昨日は製品や商品を販売した場合について触れましたが、今日は請負契約の場合について触れたいと思います。
請負契約の場合
請負の内容が建設、造船などの工事の場合のその工事の引渡し日は、具体的には下記の通りです。
・作業を決了した日
・相手方の受入場所へ搬入した日
・相手方が検収を完了した日
・相手方において使用収益ができることとなった日
その工事の種類、性質、契約内容などに応じて、その引渡しの日として合理的と認められる日を継続して売上計上日とします。
決算日に工事代金の額が確定していない場合、商品や製品の販売と同様、適正な見積額で売上計上し、売上金額の確定時に差額を調整します。
その他、建設業も含めてケースごとに見ていくと以下の通りです。
1.物の引渡しがある場合(建設業など)
物の引渡しがある請負契約の場合には、その全部が完成して相手方に引き渡した日が売上計上日です(工事完成基準)。
建設業で言えば、建設した建物や構築物などが完成し、相手に引き渡した日です。
2.物の引渡しがない場合(運送、設計、測量など)
物の引渡しを要しない請負契約の場合には、その契約に基づく業務の全部が完了した日に売上計上します。
3.着手の日から契約上の引渡し日までの期間が1年以上であり、請負対価が10億円以上の場合
建設やソフトウェアの制作などの請負契約において、着手の日から契約上の引渡し日までの期間が1年以上あり、請負対価が10億円以上の場合、
工事の進捗度に応じて売り上げを計上します(工事進行基準)。
なお、請負価額の2分の1以上が工事の目的物の引渡しの期日から1年を経過する日後に支払われることが定められているものを除きます。
大きく棚卸資産の販売と請負契約の場合に分けて、売上を認識すべきタイミングを説明しました。
決算日の翌月の売上の内容をしっかりチェックしましょう。
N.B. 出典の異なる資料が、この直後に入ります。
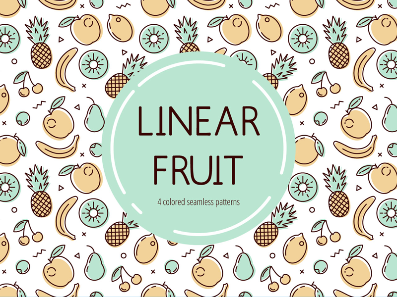 Most of the patterns included in this collection are designed by professional designers, so you can be sure about their quality. You’ll find playful cartoon-style fruit illustrations, minimalistic modern fruit icons, tropical vibes with pineapples and coconuts, or juicy citrus designs perfect for summer projects.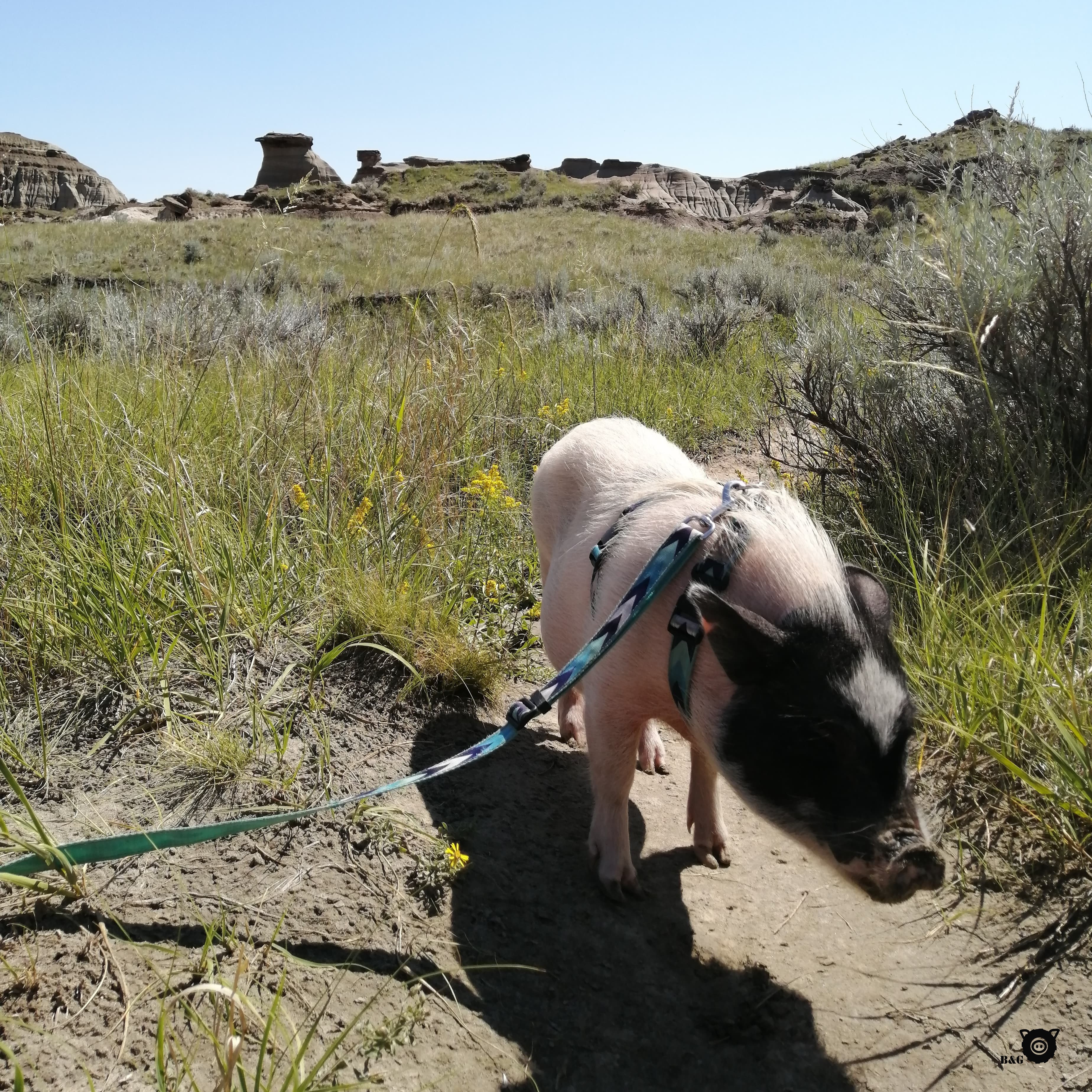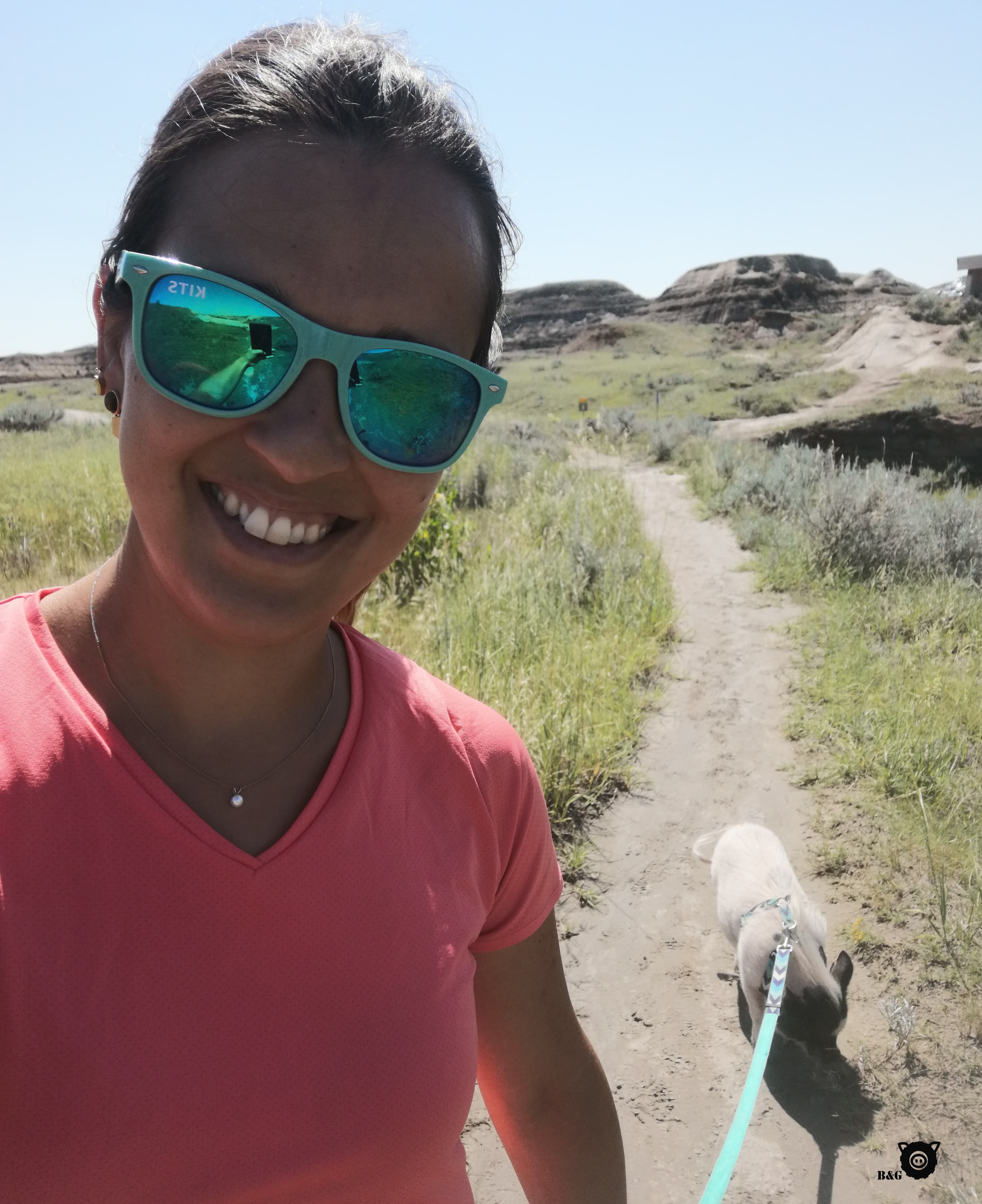 Nous sommes donc aux premières loges le lendemain matin pour aller justement randonner auprès de ces cheminées de fées. Il y a beaucoup d’escaliers, alors j’attends sagement dans le camion pendant que mes humains escaladent la montagne et admirent la splendeur des Badlands.

請求書に決算日前に引渡しを終えたものがないかどうか、納品書や検収書の日付が決算日前のものがないか、確認しましょう。翌々月までしっかりとチェックできればなお良いです。
また、納品書や検収書の日付を改ざんするなど行為はやめましょう。
毎期、出荷した日に売上を計上していたけど、今期は売上が好調で利益が多く出そうだから、得意先が検収した日にしようという恣意的な変更も認められません。